MIC209: Molecular Biology (3 Credits)

Important historical developments in genetics, particularly the contributions of Mendel, and Watson & Crick; and important research advances; Analysis of genetic problems using Punnett squares to illustrate Mendelian principles; Chromosome basis of inheritance, sex determination and sex linkage; types of chromosomal aberrations and their consequences; molecular genetics, gene function, the structure of genetic material; the organization of DNA in chromosomes; structure and replication of DNA, concepts of protein synthesis, gene expression, mutations, and genetic engineering;   transcription and the structural and functional features of the transcripts; genetic code and the translation of the genetic message.

 

MIC301: Food Microbiology  (3 Credits)

Food borne pathogens and industrially important microorganisms; Factors (intrinsic and extrinsic) affecting the growth, survival and death of microorganisms in foods; Factors contributing to the contamination and spoilage of foods by microorganisms; Chemical/physical changes associated with food spoilage; Food preservation techniques and the hurdle concept: a)  Preservation of food by high temperature: Heat resistance of microorganisms and spores. Decimal reduction time (D values), 12D concept, thermal death time curves, F values, Pasteurization and Canning b)  Preservation of food by low temperature: The behaviour of microorganisms in freezing and subfreezing temperatures c)  Preservation of food by drying: Different methods of drying applied to the food industry and their mechanisms of actions d)  Preservation of food by chemical preservatives and radiations; Methods for enumeration and identification of bacteria and/or their metabolic products in food; Microbiology of milk and milk products; Microbiology of meat and poultry products; Microbiology of fish and seafood products; Microbiology of fruits and vegetables; Fermented food products.

 

MIC302: Agricultural Microbiology  (3 Credits)

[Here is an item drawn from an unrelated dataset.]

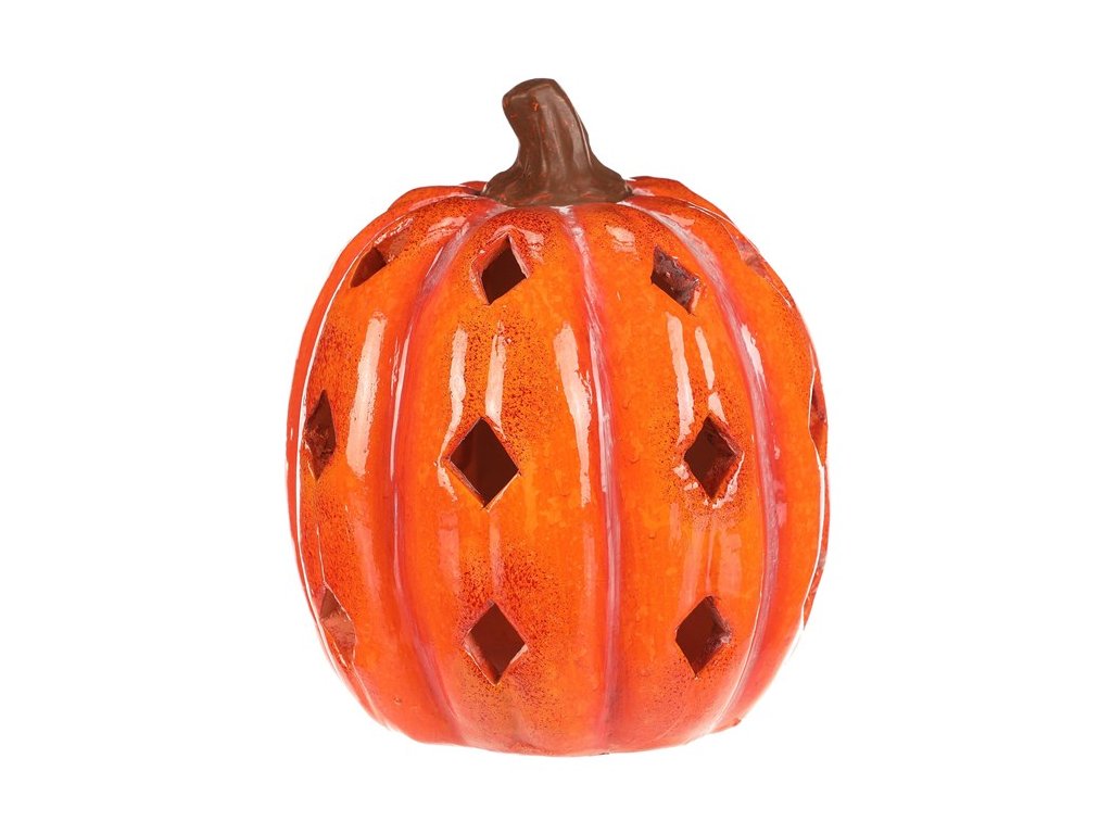 Oranžová dýně z keramiky s lesklým povrchem a prostorem, ve kterém je umístěné LED osvětlení, navodí tu pravou podzimní atmosféru. Po obvodu se nachází hranaté otvory v prizích, kterými budou po rozsvícení umělé svíce efektně procházet paprsky světla.

The soil environment, Soil microbial flora, Plant-microbe interactions: interaction with plant roots, interaction with aerial plant structures, microbial diseases of plants, Biogeochemical cycling: Carbon cycle, Phosphorus cycle, Sulfur cycle, Biodegradation of complex carbohydrates: Cellulose, hemicellulose and lignin, Microbiology and biochemistry of nitrogen fixation, Biofertilizer technology, Biopesticides, Effects of genetically modified plants on soil microorganisms.

 

MIC303: Immunology I  (3 Credits)

The purpose of this course is to provide a basic knowledge of immunology. This course will provide in-depth understanding of the cells, molecules and organs of the immune system and how they work together to protect us from pathogen. The principal focus of the course will be on studying structural features of the components of the immune system and their functions, innate and adaptive branches of both humoral and cellular responses of the immune system. The course will also assign emphasis on learning the major mechanisms by which immune cells protect us from different types of pathogens or from cancer cells, how immune cells detect the presence of pathogens and cancer cells, processes that lead to the elimination of pathogens. Studying the structure and function of key immune recognition molecules including antigens, antibodies, antigen receptors, MHC proteins, cytokines are covered. The course will introduce some immunlogical assays to detect antigen-antibody interactions.

 

MIC304: Environmental Pollution and Bioremediation  (3 Credits)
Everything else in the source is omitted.